Posted by Gretchen on February 20th, 2009

Several years ago a beloved Siamese cat of mine was ripped to shreds in my garden by some stray dogs. That day I had to drive my in-laws to a Doctors appointment, of course I couldn’t stop crying. When I told them what had happened my mother in law said, it was just a cat and to get over it.
The other day I did a reading for a young woman who’s boyfriend of 4 years died of natural causes. They had planned a life together, and now her life has disappeared. The world will never give her the respect of a grieving widow. She will not have his Social Security, she will not be able to have her address as Mrs, …all this to cope with at the age of 19. I hope she never experiences anyone saying cruel words like: after all he was just your boyfriend, you’ll bounce back.
No one can know or really has the right to judge the experience of another in grief.

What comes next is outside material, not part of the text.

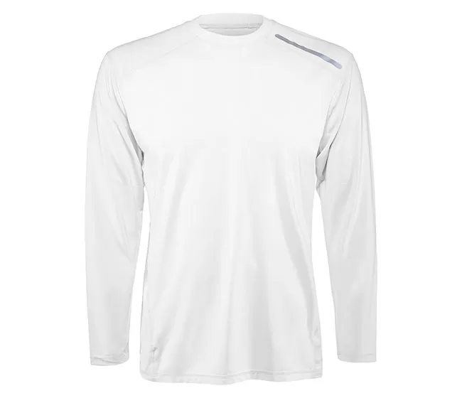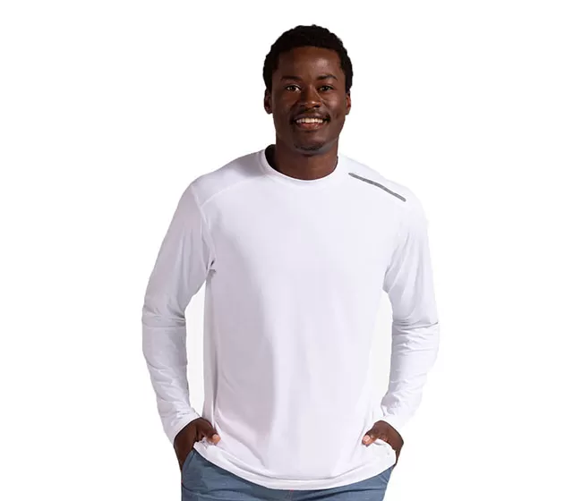 The BloqUV 50+ UPF men’s Jet Long Sleeve Tee is sun protection to be worn alone, as a base layer, swim shirt, rash guard or beach cover up. The long sleeve performance SPF tee offers comfort, freedom of movement and is perfect for running, biking, swimming, boating, skiing, tennis, golf, working out or just looking sharp at leisure.
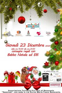 Babbo Natale e gli Elfi accoglieranno il giorno 23 Dicembre dalle 15:00 alle 21:00 presso il Centro Solidale “BeneAttivi” nel quartiere Santa Maria degli Angeli (Via Enrico Maria Fusco) i bambini e anche adulti presso il Centro Solidale “BeneAttivi” per consegnare loro un dono e fare qualche foto, perché è Natale ogni volta che sorridiamo a un fratello e gli tendiamo la mano. È Natale ogni volta che riconosciamo con umiltà i nostri limiti e la nostre debolezza. Il Natale viene a insegnarci come trovare la gioia di donare felicità e la gioia di essere gentile.

Barrier between the living and the deceased getting thinner

Posted by Gretchen on February 12th, 2009

When I work with a living client one of my goals is to encourage them to be open to their deceased loved one. Validating messages, such as lights blinking, a smell associated with the deceased, finding coins or natural events such as birds, butterflies, blossoming plants is part of this.
But I can also help the living hear those whispered messages into their thoughts that come from their beloved deceased. These messages have a specific flavor or tone and are not something the living client would have had occur to them on their own. I always ask in what setting or circumstance the living “heard” the messages. Often it is when they are distracted but calm, for example when they are driving, not in heavy traffic, and alone in the car.
Recently, I was taking my puppy to the vet on his appointed day to be neutered and was thinking about my deceased friend Dotte who got me into dogs, and I changed the radio station in time to hear a song who’s refrain said: everything is going to be FINE FINE FINE. I knew it was Dotte answering me, as I was worried about my puppy. We are all psychic enough to receive messages from the deceased we have known and loved if we are open to them.